Let me explain. Sequencing companies are producing newer and bigger and better machines, that produce more and more sequence, every week. The Illumina GA2 produces 10-100 Gb of sequence per run now. The HiSeq 2000 is going to produce even more enormous amounts of sequence as soon as we get one. And more, lots more, is on the way.
This wouldn't be a problem if biologists would just stick to the exciting old problems, like resequencing humans and doing transcriptomes etc. But noooo, biologists see these juicy new sequencers and think -- hey! I could sequence populations of organisms! Or, like, 30 new organisms at once! Or 30 transcriptomes at once! And it will be cheap! (And we'll have someone else do the bioinformatics, which is easy, right? Right?)
So the sequencing companies are producing newer and cheaper and faster sequencing machines, and the biologists are using them to tackle ever more exciting and novel and challenging biological questions, and ... guess what? Our existing tools and approaches don't scale very well.

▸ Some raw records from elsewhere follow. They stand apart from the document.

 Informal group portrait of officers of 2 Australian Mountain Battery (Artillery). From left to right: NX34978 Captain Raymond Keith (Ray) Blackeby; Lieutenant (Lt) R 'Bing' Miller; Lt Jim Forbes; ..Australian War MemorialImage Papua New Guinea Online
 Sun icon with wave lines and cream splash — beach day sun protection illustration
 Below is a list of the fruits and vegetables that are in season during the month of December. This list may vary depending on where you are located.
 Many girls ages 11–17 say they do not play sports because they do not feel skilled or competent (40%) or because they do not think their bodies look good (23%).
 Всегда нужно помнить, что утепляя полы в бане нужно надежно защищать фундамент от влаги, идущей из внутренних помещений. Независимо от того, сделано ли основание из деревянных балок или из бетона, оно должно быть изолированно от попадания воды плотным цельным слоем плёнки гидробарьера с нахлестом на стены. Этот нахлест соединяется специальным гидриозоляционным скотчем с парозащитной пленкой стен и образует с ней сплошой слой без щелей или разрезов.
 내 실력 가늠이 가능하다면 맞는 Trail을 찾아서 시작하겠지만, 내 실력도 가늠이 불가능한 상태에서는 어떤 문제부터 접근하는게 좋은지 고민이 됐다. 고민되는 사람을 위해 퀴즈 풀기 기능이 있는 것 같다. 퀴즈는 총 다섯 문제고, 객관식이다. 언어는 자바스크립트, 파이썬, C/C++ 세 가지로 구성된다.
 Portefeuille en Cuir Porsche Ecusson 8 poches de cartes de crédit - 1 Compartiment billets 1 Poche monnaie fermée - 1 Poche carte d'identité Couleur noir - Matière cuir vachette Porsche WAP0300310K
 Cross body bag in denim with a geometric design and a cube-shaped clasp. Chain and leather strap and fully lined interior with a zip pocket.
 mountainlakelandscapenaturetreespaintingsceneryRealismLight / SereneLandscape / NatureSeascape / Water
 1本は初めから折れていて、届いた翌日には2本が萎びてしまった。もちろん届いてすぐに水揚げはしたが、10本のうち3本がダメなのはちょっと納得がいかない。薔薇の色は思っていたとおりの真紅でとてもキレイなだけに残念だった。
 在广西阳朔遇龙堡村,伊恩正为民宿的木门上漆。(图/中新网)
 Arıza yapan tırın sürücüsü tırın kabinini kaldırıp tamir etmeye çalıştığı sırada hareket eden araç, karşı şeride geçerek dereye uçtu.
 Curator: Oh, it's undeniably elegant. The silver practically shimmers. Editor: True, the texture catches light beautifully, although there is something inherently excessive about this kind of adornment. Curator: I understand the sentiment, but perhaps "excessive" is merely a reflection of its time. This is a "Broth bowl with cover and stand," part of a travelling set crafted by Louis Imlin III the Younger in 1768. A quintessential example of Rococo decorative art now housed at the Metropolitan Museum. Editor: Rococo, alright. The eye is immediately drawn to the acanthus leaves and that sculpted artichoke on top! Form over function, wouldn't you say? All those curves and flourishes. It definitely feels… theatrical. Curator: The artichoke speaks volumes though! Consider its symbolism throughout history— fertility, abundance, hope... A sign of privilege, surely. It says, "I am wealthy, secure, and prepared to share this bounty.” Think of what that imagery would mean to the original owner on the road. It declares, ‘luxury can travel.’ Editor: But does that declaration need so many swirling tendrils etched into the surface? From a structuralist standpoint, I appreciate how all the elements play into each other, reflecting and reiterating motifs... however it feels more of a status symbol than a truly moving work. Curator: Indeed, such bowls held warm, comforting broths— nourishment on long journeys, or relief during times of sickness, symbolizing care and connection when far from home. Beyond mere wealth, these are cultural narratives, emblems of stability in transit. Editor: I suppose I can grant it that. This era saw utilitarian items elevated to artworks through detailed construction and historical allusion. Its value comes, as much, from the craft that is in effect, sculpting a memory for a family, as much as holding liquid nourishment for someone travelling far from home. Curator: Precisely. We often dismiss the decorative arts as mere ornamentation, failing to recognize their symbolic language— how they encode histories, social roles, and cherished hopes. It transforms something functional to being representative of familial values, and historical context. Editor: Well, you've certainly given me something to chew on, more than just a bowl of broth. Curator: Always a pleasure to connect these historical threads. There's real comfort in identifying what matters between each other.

For one very specific example, the de Bruijn graph approach breaks down completely if you are sequencing endlessly diverse populations, as we seem to be doing in metagenomics. If you have some high abundance organisms, and a lot more low abundance organisms, and you sequence the organism soup to some arbitrary level, the novel k-mers will swamp your assembler, and to no end -- because those k-mers are never going to assemble to anything big without more sequencing. In which case you've compounded your swamping problem in an attempt to solve your earlier problem.
Similar things happen with wild population sequencing, where you get new and diverse sequences every time you look at a new animal; humans, even with their relatively low diversity, are one fine example.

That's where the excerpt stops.